EXERCISE BRIEF:
In the data below, find the line that contains "I present to" and the line that contains "Klimatyzowana restauracja z". Copy both, plus every line between them, exactly.

LISTED RECORDS START

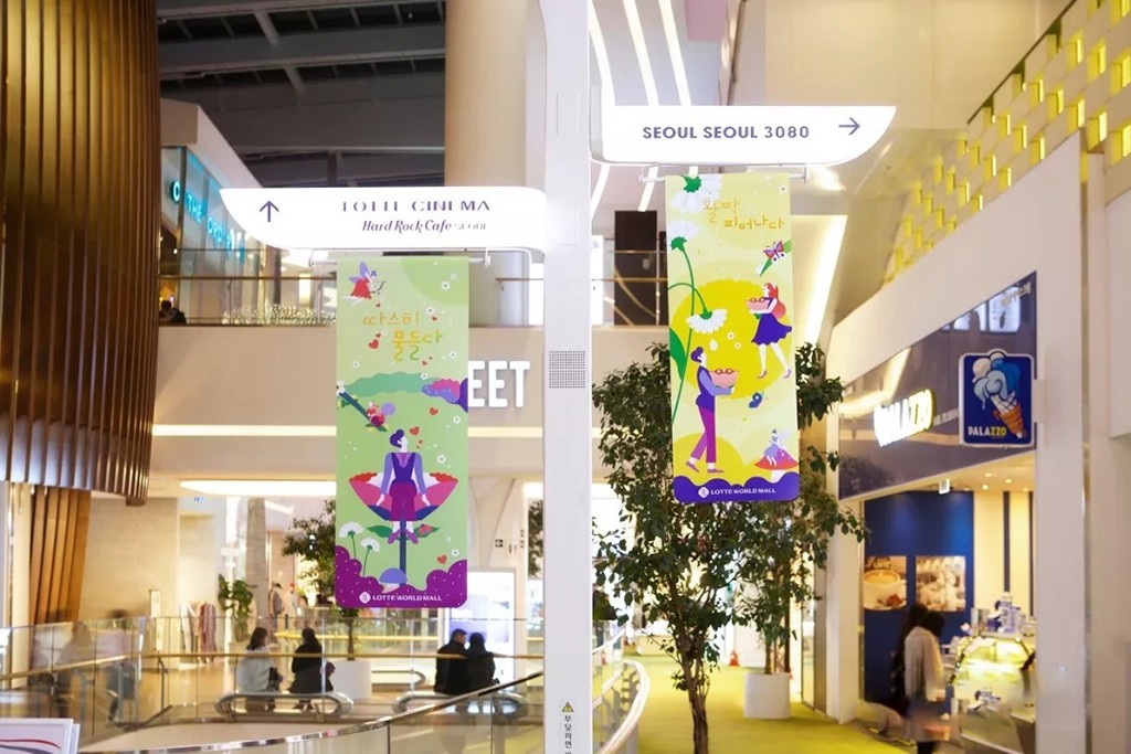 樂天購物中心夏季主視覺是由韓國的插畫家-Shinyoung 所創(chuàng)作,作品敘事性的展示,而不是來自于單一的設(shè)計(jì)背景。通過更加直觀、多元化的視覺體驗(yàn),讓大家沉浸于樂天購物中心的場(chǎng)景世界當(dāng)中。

LISTED RECORDS END
LISTED RECORDS START

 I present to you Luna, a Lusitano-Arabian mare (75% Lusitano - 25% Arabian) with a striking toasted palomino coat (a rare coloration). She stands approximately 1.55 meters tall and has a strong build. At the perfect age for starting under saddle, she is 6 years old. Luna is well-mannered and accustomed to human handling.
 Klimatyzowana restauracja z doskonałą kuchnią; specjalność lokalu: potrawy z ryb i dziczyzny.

LISTED RECORDS END

OUTPUT OF THE TASK:
 I present to you Luna, a Lusitano-Arabian mare (75% Lusitano - 25% Arabian) with a striking toasted palomino coat (a rare coloration). She stands approximately 1.55 meters tall and has a strong build. At the perfect age for starting under saddle, she is 6 years old. Luna is well-mannered and accustomed to human handling.
 Klimatyzowana restauracja z doskonałą kuchnią; specjalność lokalu: potrawy z ryb i dziczyzny.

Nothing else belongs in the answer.